Most of the cocaine (and methamphetamine) consumed in the United States and Europe flows up the Pacific coast and across Central America. A lot of cocaine goes to Europe in Ecuadorian banana boats. Only five percent of cocaine arriving in the United States passes through Venezuela. The most prominent producing and trafficking countries are Colombia, Peru, and Ecuador, all close U.S. allies at one or another time.
And contradictions
The United States itself is a great facilitator of the current narco-trafficking system. People in the U.S. are by far the world’s champion users of illegal drugs. The United States might have mounted a well-resourced, comprehensive, and effective offensive against drug use and addiction, but did not.

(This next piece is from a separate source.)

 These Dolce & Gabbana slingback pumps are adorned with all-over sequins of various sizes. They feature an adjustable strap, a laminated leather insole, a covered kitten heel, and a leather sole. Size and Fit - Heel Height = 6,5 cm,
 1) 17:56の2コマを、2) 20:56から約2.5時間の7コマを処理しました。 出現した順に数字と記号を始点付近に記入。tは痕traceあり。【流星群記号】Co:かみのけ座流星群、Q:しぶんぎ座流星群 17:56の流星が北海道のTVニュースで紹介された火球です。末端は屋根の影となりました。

The “war on drugs” announced by President Richard Nixon in 1971 concentrated on inner city users during the Reagan era—the better to oppress ethnic minorities—and, later, on drug-traffickers abroad. Beginning in 2000, U.S. Plan Colombia, the drug war’s crown jewel, represented a militarized U.S. effort costing $10 billion ostensibly to reduce that country’s cocaine production. The U.S. government used Plan Colombia to undermine FARC leftist insurgents.
According to the Harvard International Review in 2024, “[Coca] “plantations are again quickly spreading” in Colombia. The report is damning: “For decades, Latin America has remained a hub for the illicit drug market … and drug production continues to increase”—despite the long U.S. drug war.
Uncomfortable truths
A big portion of the profits from narco-trafficking in the Western Hemisphere remains in the United States, serving as incentive to import more. The vastness of the U.S. drug trade is clear from penalties imposed on U.S. banks caught laundering drug money. There was the $3 billion judgment against TD Bank in 2024, $1.9 billion imposed on HSBC Bank in 2012, and, earlier, $160 million paid by Wachovia-Wells Fargo.

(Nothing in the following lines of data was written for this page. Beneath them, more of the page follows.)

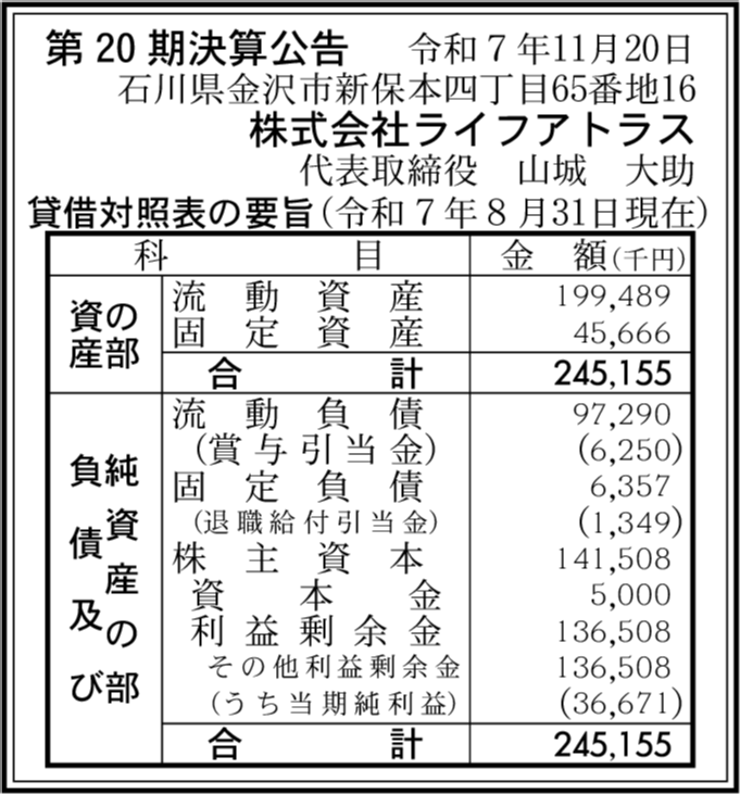 株式会社ライフプラン 石川県金沢市 【2025年8月期】 |
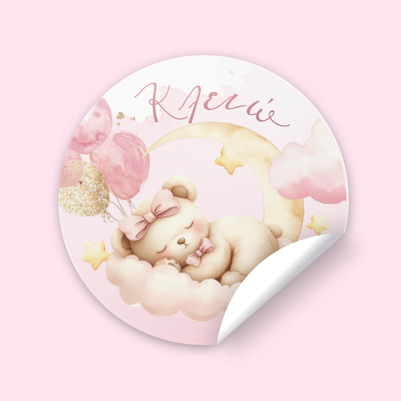 Στρογγυλά αυτοκόλλητα με σχέδιο Αρκουδάκι για να διακοσμήσεις τα αντικείμενα της Βάπτισης ή να τα δώσεις ως ενθύμιο δώρο στους μικρούς καλεσμένους!
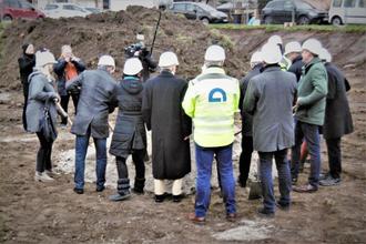 Am 31. Januar hatte die Hospizgruppe Unterstützende, ihre Mitglieder und die Nachbarn dieses Wohnviertels zum Spatenstich eingeladen. Die Menschen strömten in das in Erwartung der Gäste aufgebaute Zelt, das vor der Kälte, so gut es ging, schützte. Es waren rund 150 Menschen zusammengekommen. Man drängelte, man schob sich, man lachte, man freute sich. Da waren viele glückliche Gesichter, besonders beim Vorstand der Hospizgruppe. Die Vorsitzende, Dr. Maresa Biesterfeld, unterstrich für alle: „Dies ist ein ganz besonderer Tag“. In einem launigen Gedicht fasste sie gemeinsam mit ihrem Amtskollegen und stellvertretendem Vorsitzenden, Dr. Paul Hegemann, die Entwicklung der langjährigen Planung zu Gehör und in Erinnerung. Sichtlich stolz formulierte Oberbürgermeister Ralf Claus seine Glückwünsche mit der festen Zusage, auch weiterhin das zukünftige Hospiz zu unterstützen. Er wies darauf hin, welche Bedeutung die Errichtung eines Hospizes für jeden einzelnen habe, wenn die Kraft zur häuslichen Pflege nicht weiter ausreicht und an ihre Grenzen stößt. – Landrätin Dorothea Schäfer brachte ebenfalls ihre Glückwünsche zum Ausdruck und schloss sich seinen Versprechungen der Unterstützung an.
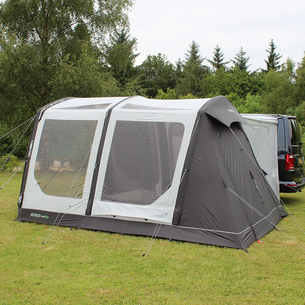 Retaining its drive-away capability and featuring an attachment height of 255 – 305cm, the Movelite T3 AIr Motorhome Awing offers reassuring quality and performance, encompassing Outdoor Revolution’s technical lightweight 240HDE polyester fabric for hard-wearing weather protection and a full and innovative feature list. The versatility and scope for usage of the T3E is second to none, with several optional accessories allowing multiple configuration options to suit your needs, including expanding outdoor living space, enclosing the front of the awning or expanding sleeping provision for up to six persons with use of an optional annexe. Flexible entry and family-friendly layout combine with this popular attachment height, suitable for a wide range of larger vehicles and motorhomes. A premium choice of motorhome awning.

A convicted trafficker told an interviewer about delivering “billions of dollars worth (sic) of cocaine, heroin, and methamphetamines to their US and Canadian wholesale clients.” He reported that, “Heading south…we just had the money put on tractor trailers and had it driven it across the border. We never lost a dollar.” The total “sent back to Mexico…[over a decade] was probably more than US$3.5 billion.”
Weapons exported from the United States under the eyes of authorities benefit the drug cartels. Of guns confiscated in Mexico and across the Caribbean, 70% and 80% of them, respectively, came from the United States. Activist John Lindsay-Poland asks, “Why would we be arming the very people that we say we are fighting?”